Dabrafenib: First Global Approval

Dabrafenib (Tafinlar (R)), a mutant-BRAF kinase inhibitor, emerged from GlaxoSmithKline's research programme for the discovery of selective inhibitors of mutant BRAF kinase activity, for the treatment of solid tumours; mutations in the BRAF gene are associated with increased growth and proliferation of cancer cells. GlaxoSmithKline has focused the development of dabrafenib on the treatment of malignant melanoma, as BRAF mutations are present in 50 % of these cancers. Dabrafenib is approved in the US as a single agent treatment for unresectable or metastatic melanoma in patients with the BRAF V600E mutation, and has received a positive opinion in the EU in this indication. Submissions have also been made in the US and the EU for the use of dabrafenib in combination with trametinib for the treatment of metastatic melanoma with a BRAF V600E/K mutation.

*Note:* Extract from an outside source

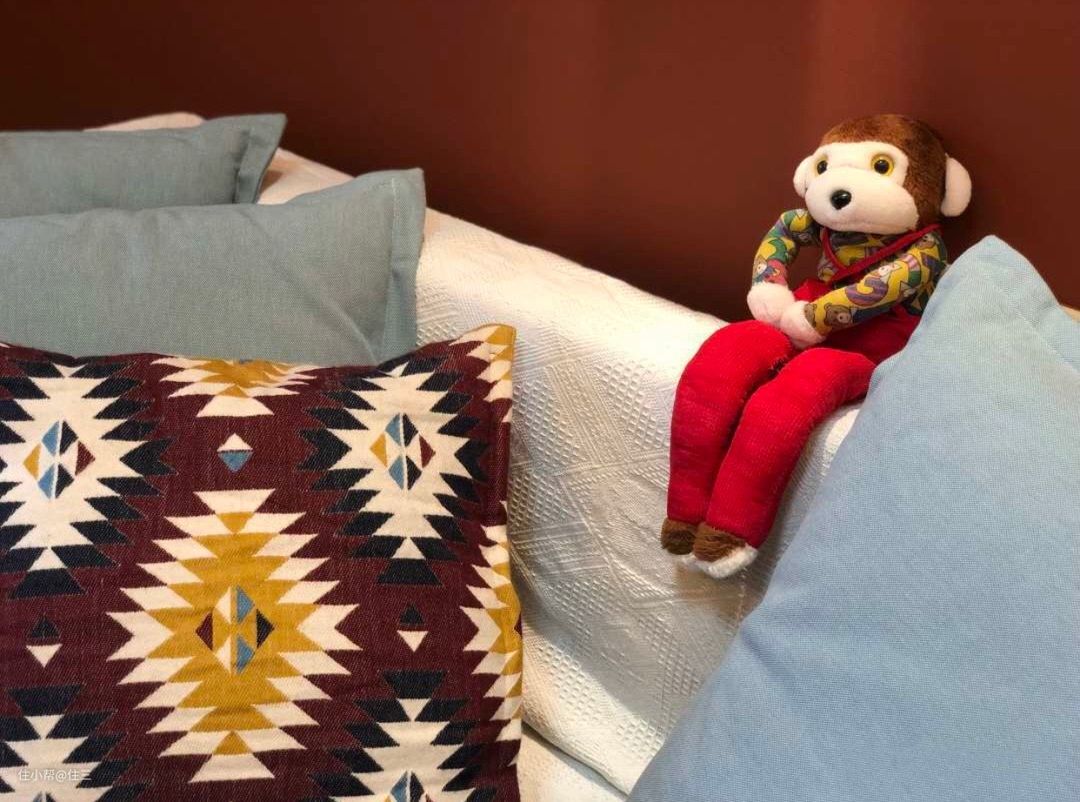 沙发上的小猴子是陪伴屋主姐姐一路成长的玩偶,是全屋的亮点中的亮点必要要拍一张,真的很乖~~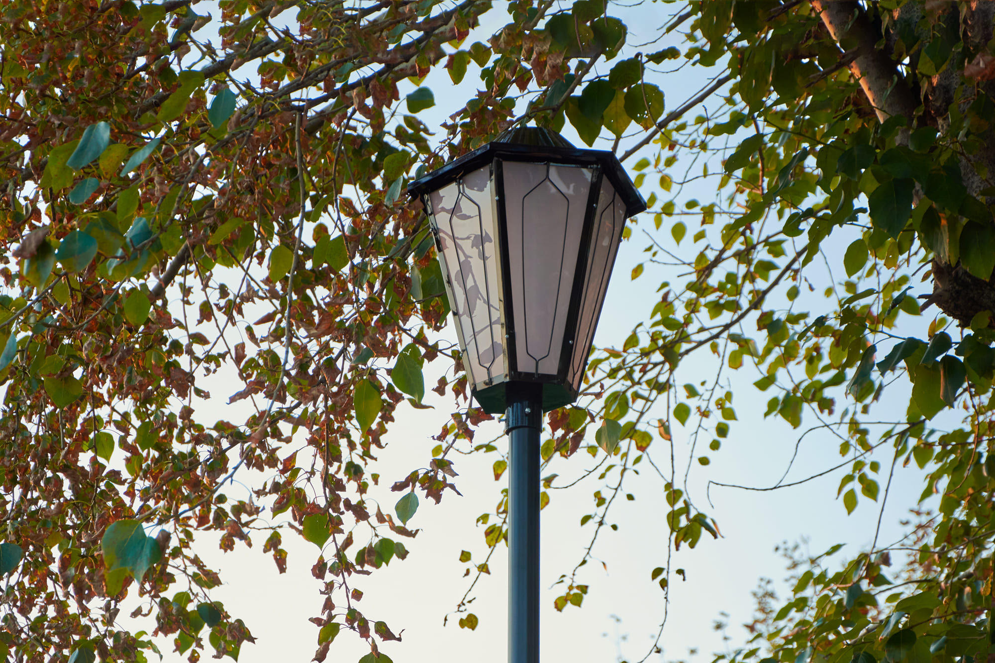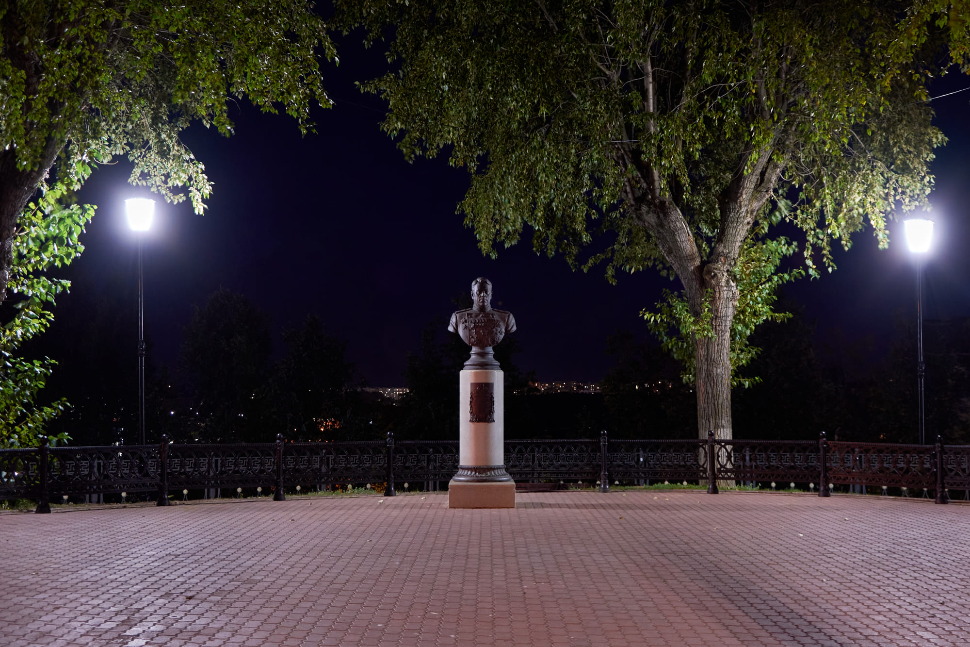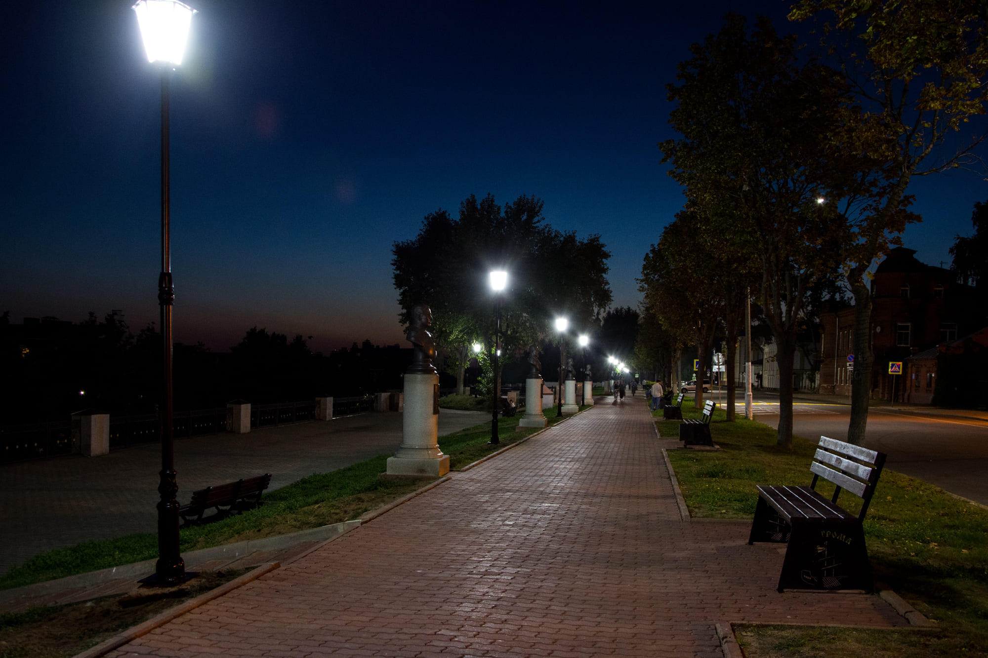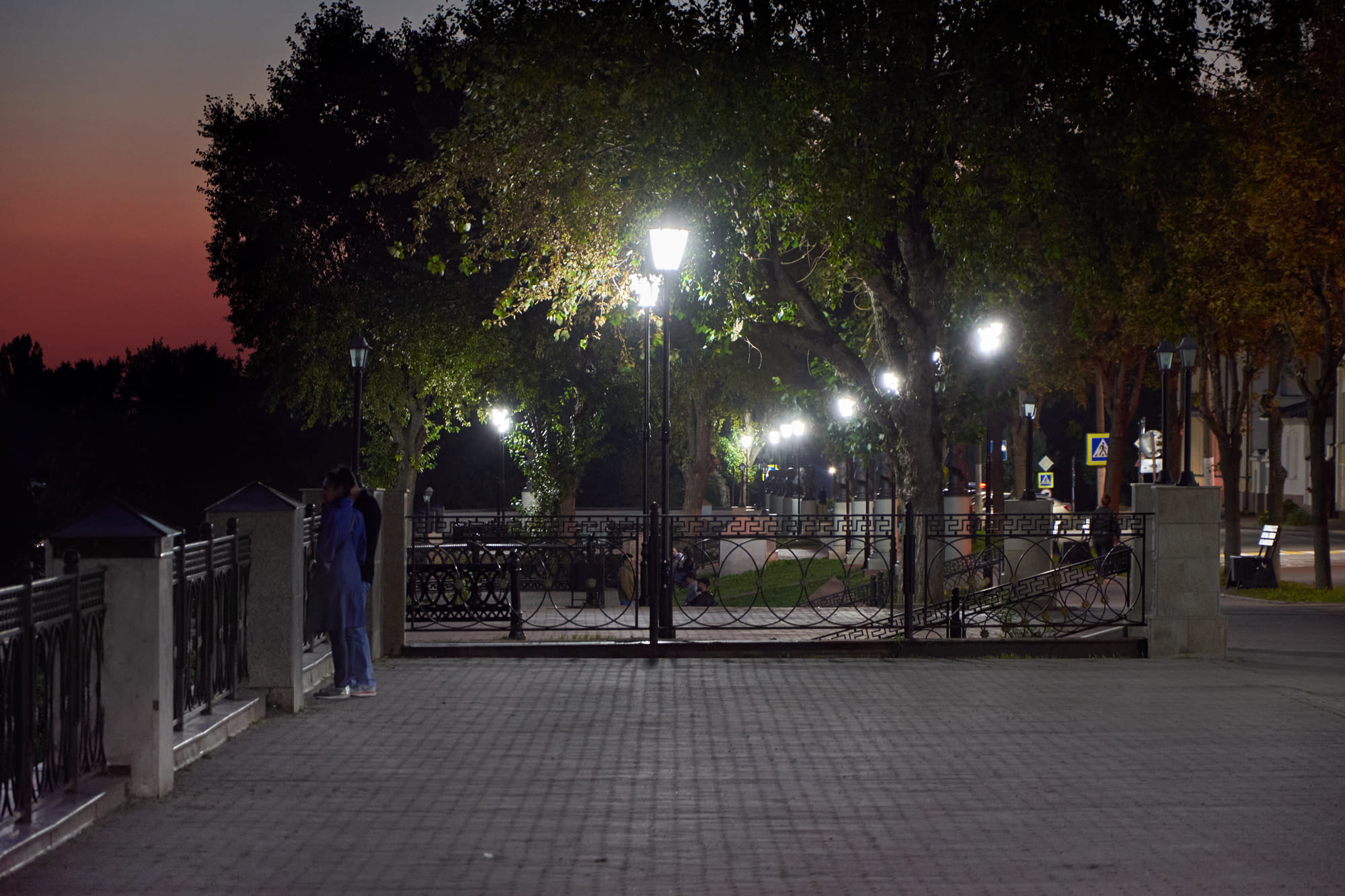 Декоративные парковые светильники создали равномерное неслепящее освещение и комфортную атмосферу для нахождения в парке в вечернее время.

Global phase III development of dabrafenib as a monotherapy and as a combination therapy is ongoing in the treatment of malignant melanoma. Phase II development is ongoing for the treatment of malignant melanoma that has metastasised to the brain, and for colorectal and non-small cell lung cancers. Dabrafenib is intended to treat the patient population with a BRAF V600E/K mutation. GlaxoSmithKline's dabrafenib application in the US included the treatment of this population as detected by a US FDA-approved test. GlaxoSmithKline, in collaboration with bioMerieux and Response Genetics, has developed a molecular theranostic test to identify BRAF V600E/K mutations. Pre-Market approval of the test has been granted by the FDA. This article summarises the milestones in the development of dabrafenib leading to this first approval as a single agent treatment for unresectable or metastatic melanoma in patients with the BRAF V600E mutation.